::: Records supplied

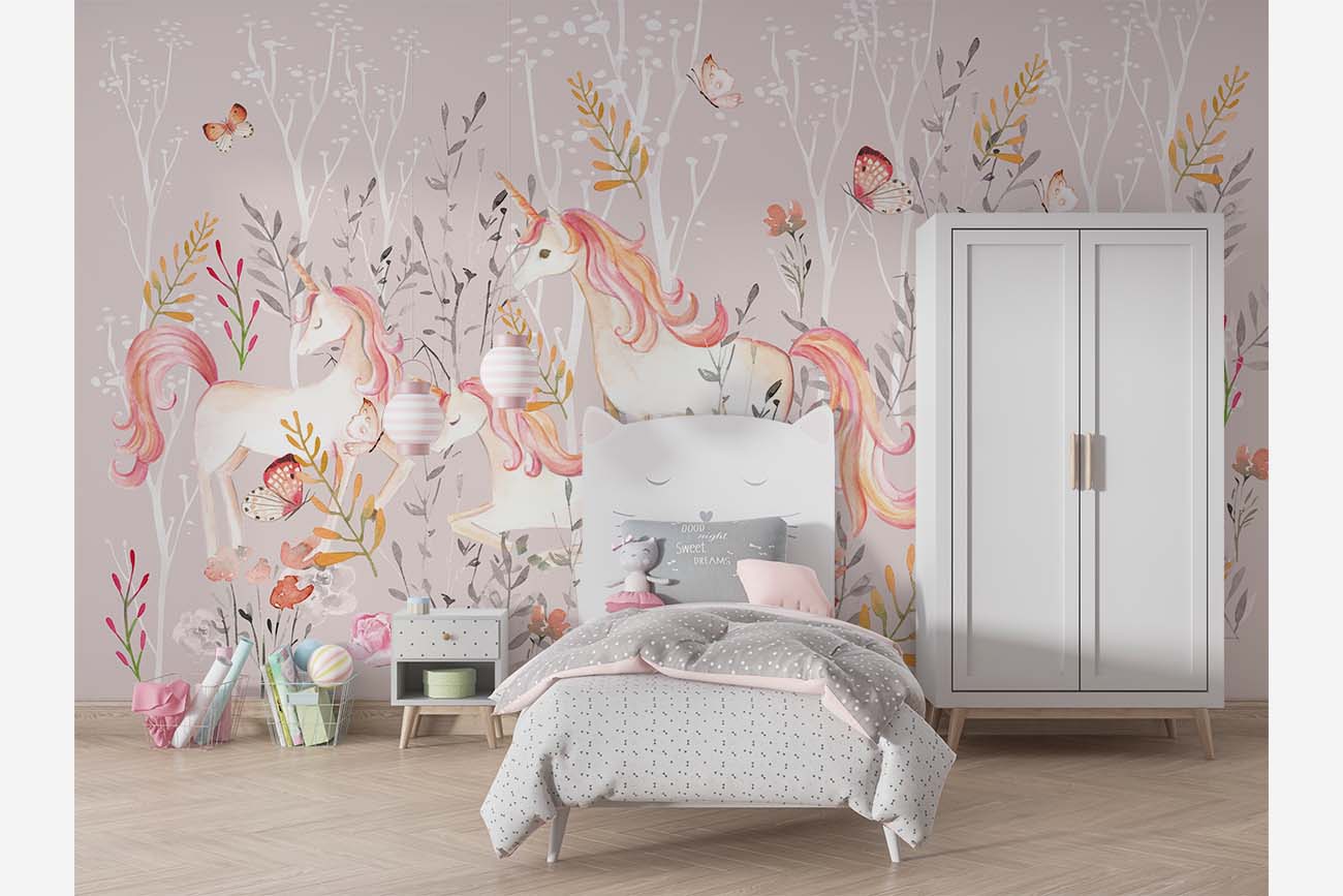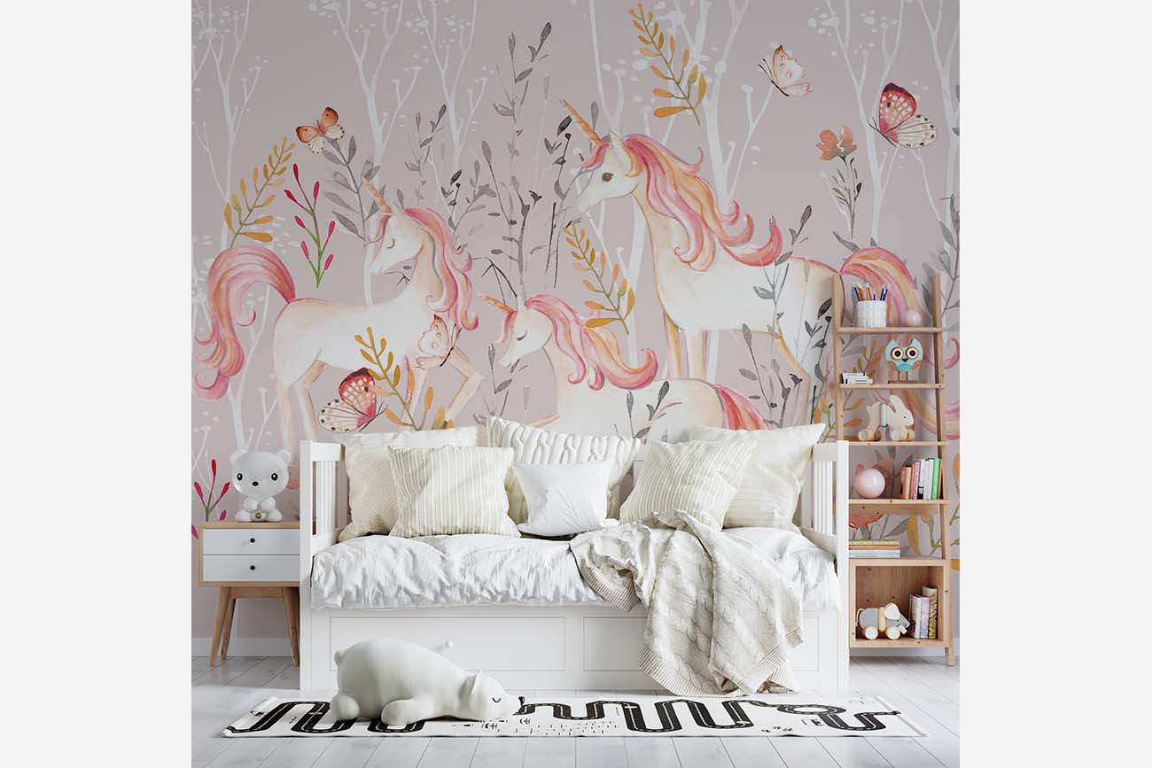 Tover de kinderkamer om in een sprookjesland met dit mooie eenhoorn behang. Tussen de bomen, bloemen en vlinders zijn drie roze eenhoorns te vinden, die maar wat graag jouw kinderkamer een stukje mooier willen maken. We drukken deze prachtige schildering op sterk, krasvast en waterproof behang, zodat je kind er jarenlang plezier van heeft.[/vc_column_text][porto_block id="4285" name="contact-behang"][vc_empty_space height="20px"][/vc_column][vc_column width="1/2"][porto_block id="1002" name="technische-details-behang"][/vc_column][/vc_row][vc_row][vc_column][vc_separator color="custom" border_width="2" style="solid" accent_color="#f4f4f4"][vc_empty_space height="5px"][/vc_column][/vc_row][vc_row][vc_column width="1/2"][vc_column_text]
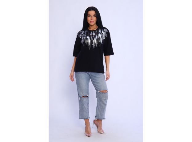 Туника женская с боковыми рельефами, переходящими в разрезы шлицы. Незаменимая вещь в гардеробе каждой модницы. Рукав цельнокроеный, спущенный, летучая мышь, 3/4. На полочке туники выполнена печать которая прекрасно дополняет образ, придавая изделию особый шик. Крой туники летучая мышь из футера - отличное решение на каждый день! Свободный крой, широкая пройма рукава - модель отлично садится на любую фигуру. Туника прекрасно сочетается с брюками, шортами, юбками, джинсами. Стильно, красиво и удобно!
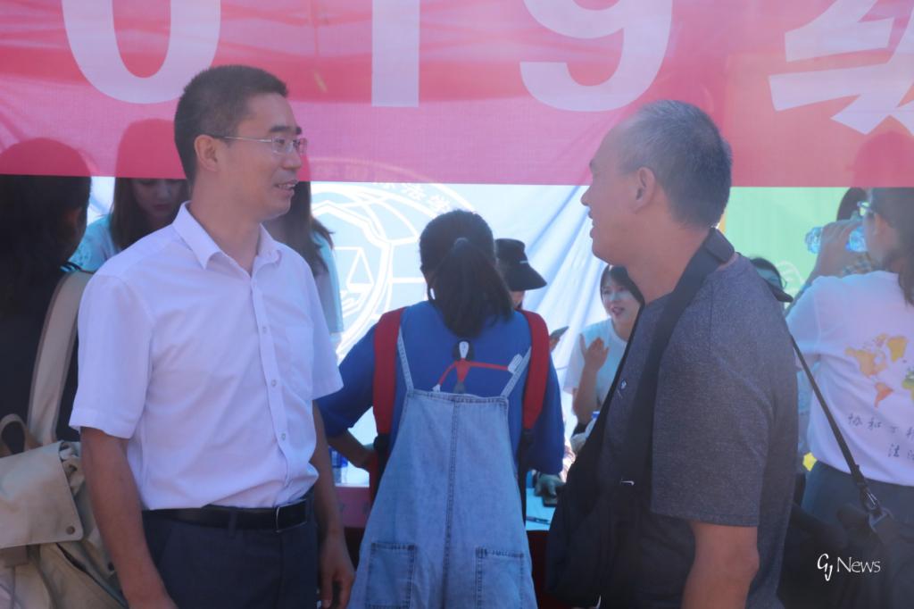 老师关怀,家长开心,新生旧生情谊初建。领导和老师们四处走动,不时询问进展状况,以确保各项迎新工作的顺利开展。法大同学的热情感动了家长们,他们和志愿同学热情交谈,纷纷在学院的展台前合影留念,定格他们的家庭和法大交汇的幸福时光。一句句亲切的“师兄”、“师姐”,透出的是新生对法大的向往和信任,法大也不会辜负每一个奋斗者的期待。
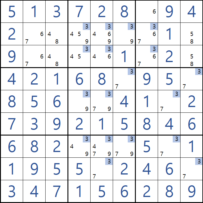 (1,8)칸에 있는 후보숫자 3을 1개 제거할 수 있다.
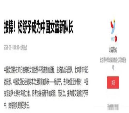 《接棒!杨舒予成为中国女篮新队长》北青热点
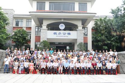 主旨发言环节中,刘建达教授以“中国英语能力等级量表背景下的ESP教学与研究”为题目进行了发言,指出中国英语能力等级量表与ESP教研的相关性,鼓励ESP教师以量表为导向,结合ESP教研特点,产出更多成果。茶歇期间,全体代表在南校区行政楼前合影留念。随后,蔡基刚教授和董金伟教授分别就“以项目为驱动的高校ESP教学模式建构”和“以需求为驱动,以效果为目标——广外大学英语ESP课程教学体系的建构与实践” 为题目进行了主旨发言。7月13日下午,伟德国际1946第二教学部ESP教师李悦、李刚、杨小婉和李菘分别以工作坊的形式,围绕所教授的ESP课程进行了分享。除学员外,参会专家也莅临工作坊,对主讲人的报告进行了点评,进一步增加了专家学者和学员的交流和互动。晚上的欢迎晚宴,更是一场学术盛宴。经过一天的学习和交流,专家学者和学员之间形成了良性的互动,营造了很好的学习氛围。
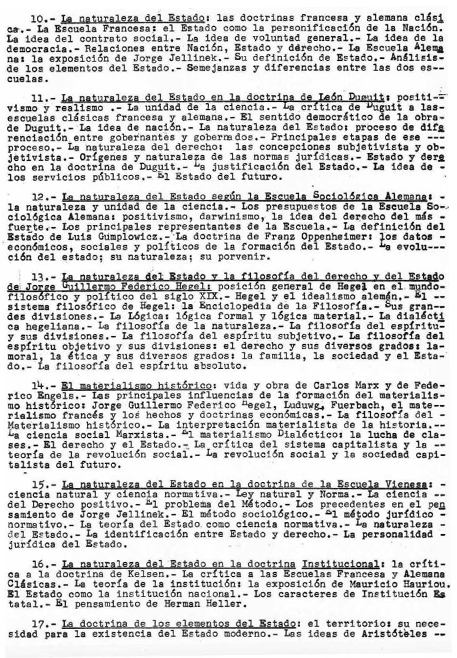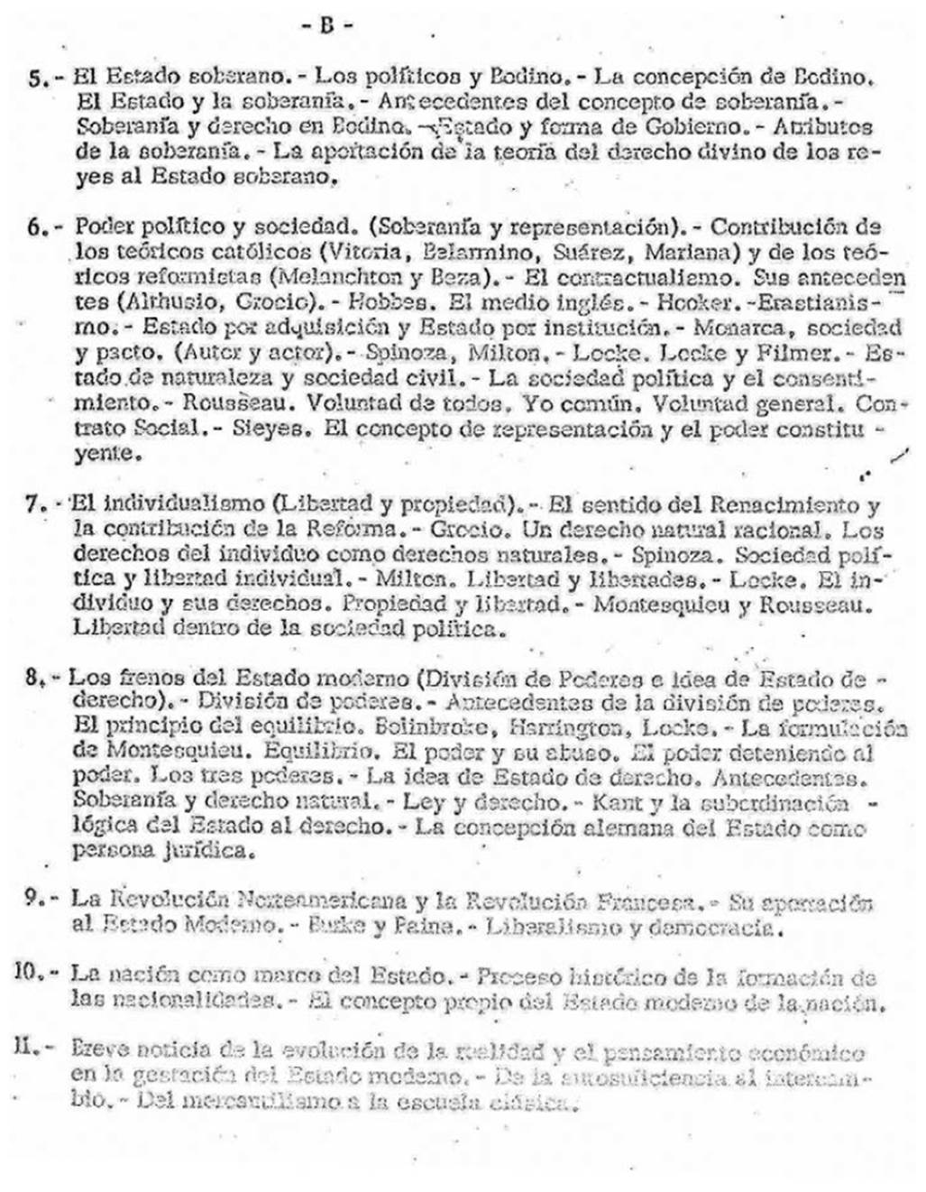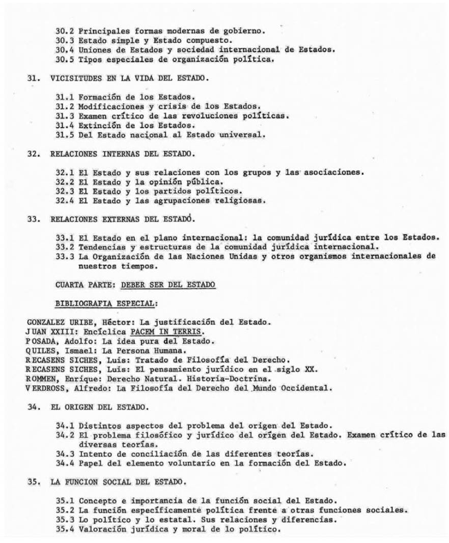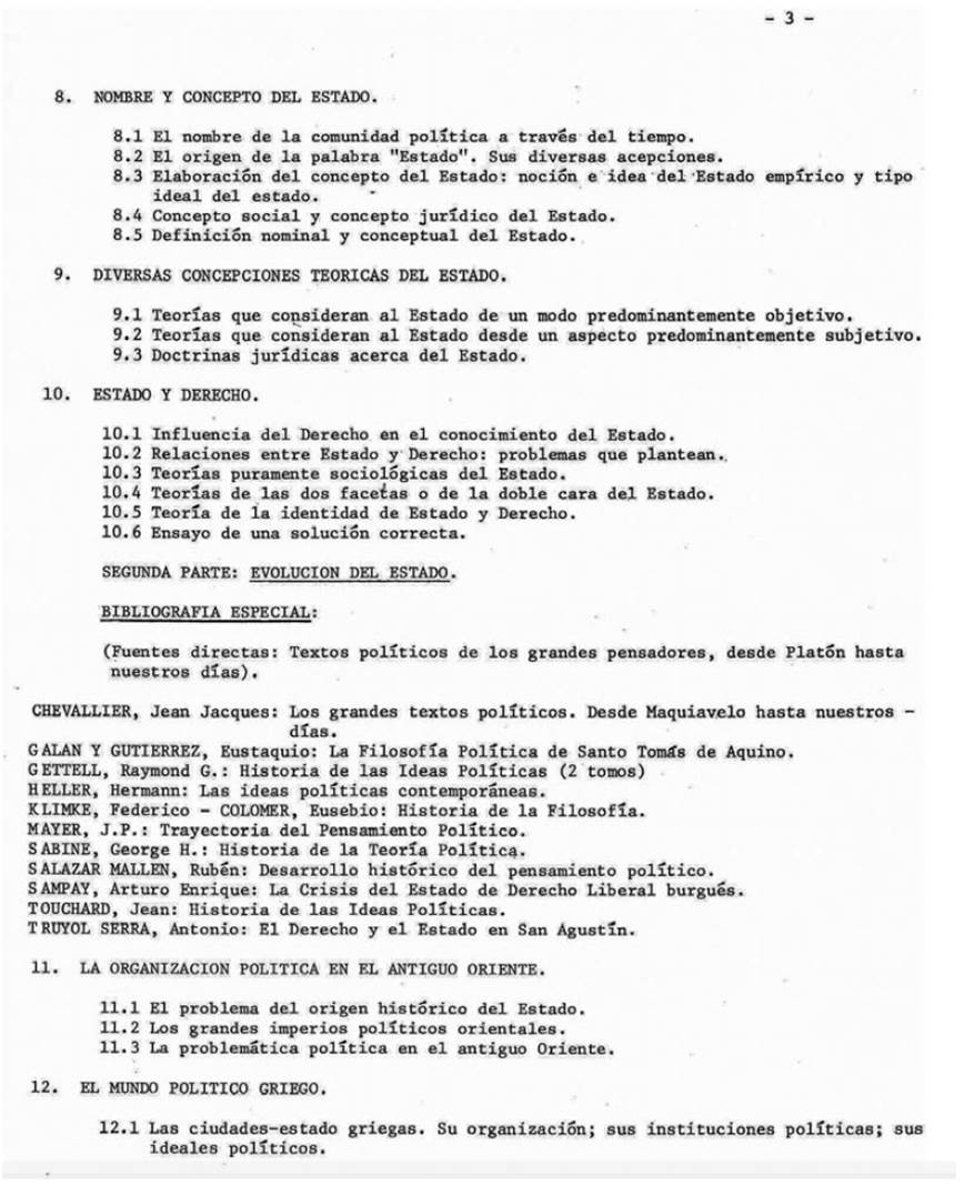 En la segunda parte de este breve ensayo reviso los temarios, programas o cuestionarios y bibliografía utilizados por académicos que profesaron la cátedra de Teoría del Estado en nuestra Universidad, con la esperanza que sean una referencia para quienes toman decisiones sobre los cambios en los programas de estudio. No omito decir que no pude tener acceso a algunos programas relevantes y que, de los encontrados, soy responsable de su selección.

::::::

> _What is needed_
Please repeat each record above precisely, with the pictures left out.

> _Result for this exercise_
 Tover de kinderkamer om in een sprookjesland met dit mooie eenhoorn behang. Tussen de bomen, bloemen en vlinders zijn drie roze eenhoorns te vinden, die maar wat graag jouw kinderkamer een stukje mooier willen maken. We drukken deze prachtige schildering op sterk, krasvast en waterproof behang, zodat je kind er jarenlang plezier van heeft.[/vc_column_text][porto_block id="4285" name="contact-behang"][vc_empty_space height="20px"][/vc_column][vc_column width="1/2"][porto_block id="1002" name="technische-details-behang"][/vc_column][/vc_row][vc_row][vc_column][vc_separator color="custom" border_width="2" style="solid" accent_color="#f4f4f4"][vc_empty_space height="5px"][/vc_column][/vc_row][vc_row][vc_column width="1/2"][vc_column_text]
 Туника женская с боковыми рельефами, переходящими в разрезы шлицы. Незаменимая вещь в гардеробе каждой модницы. Рукав цельнокроеный, спущенный, летучая мышь, 3/4. На полочке туники выполнена печать которая прекрасно дополняет образ, придавая изделию особый шик. Крой туники летучая мышь из футера - отличное решение на каждый день! Свободный крой, широкая пройма рукава - модель отлично садится на любую фигуру. Туника прекрасно сочетается с брюками, шортами, юбками, джинсами. Стильно, красиво и удобно!
 老师关怀,家长开心,新生旧生情谊初建。领导和老师们四处走动,不时询问进展状况,以确保各项迎新工作的顺利开展。法大同学的热情感动了家长们,他们和志愿同学热情交谈,纷纷在学院的展台前合影留念,定格他们的家庭和法大交汇的幸福时光。一句句亲切的“师兄”、“师姐”,透出的是新生对法大的向往和信任,法大也不会辜负每一个奋斗者的期待。
 (1,8)칸에 있는 후보숫자 3을 1개 제거할 수 있다.
 《接棒!杨舒予成为中国女篮新队长》北青热点
 主旨发言环节中,刘建达教授以“中国英语能力等级量表背景下的ESP教学与研究”为题目进行了发言,指出中国英语能力等级量表与ESP教研的相关性,鼓励ESP教师以量表为导向,结合ESP教研特点,产出更多成果。茶歇期间,全体代表在南校区行政楼前合影留念。随后,蔡基刚教授和董金伟教授分别就“以项目为驱动的高校ESP教学模式建构”和“以需求为驱动,以效果为目标——广外大学英语ESP课程教学体系的建构与实践” 为题目进行了主旨发言。7月13日下午,伟德国际1946第二教学部ESP教师李悦、李刚、杨小婉和李菘分别以工作坊的形式,围绕所教授的ESP课程进行了分享。除学员外,参会专家也莅临工作坊,对主讲人的报告进行了点评,进一步增加了专家学者和学员的交流和互动。晚上的欢迎晚宴,更是一场学术盛宴。经过一天的学习和交流,专家学者和学员之间形成了良性的互动,营造了很好的学习氛围。
 En la segunda parte de este breve ensayo reviso los temarios, programas o cuestionarios y bibliografía utilizados por académicos que profesaron la cátedra de Teoría del Estado en nuestra Universidad, con la esperanza que sean una referencia para quienes toman decisiones sobre los cambios en los programas de estudio. No omito decir que no pude tener acceso a algunos programas relevantes y que, de los encontrados, soy responsable de su selección.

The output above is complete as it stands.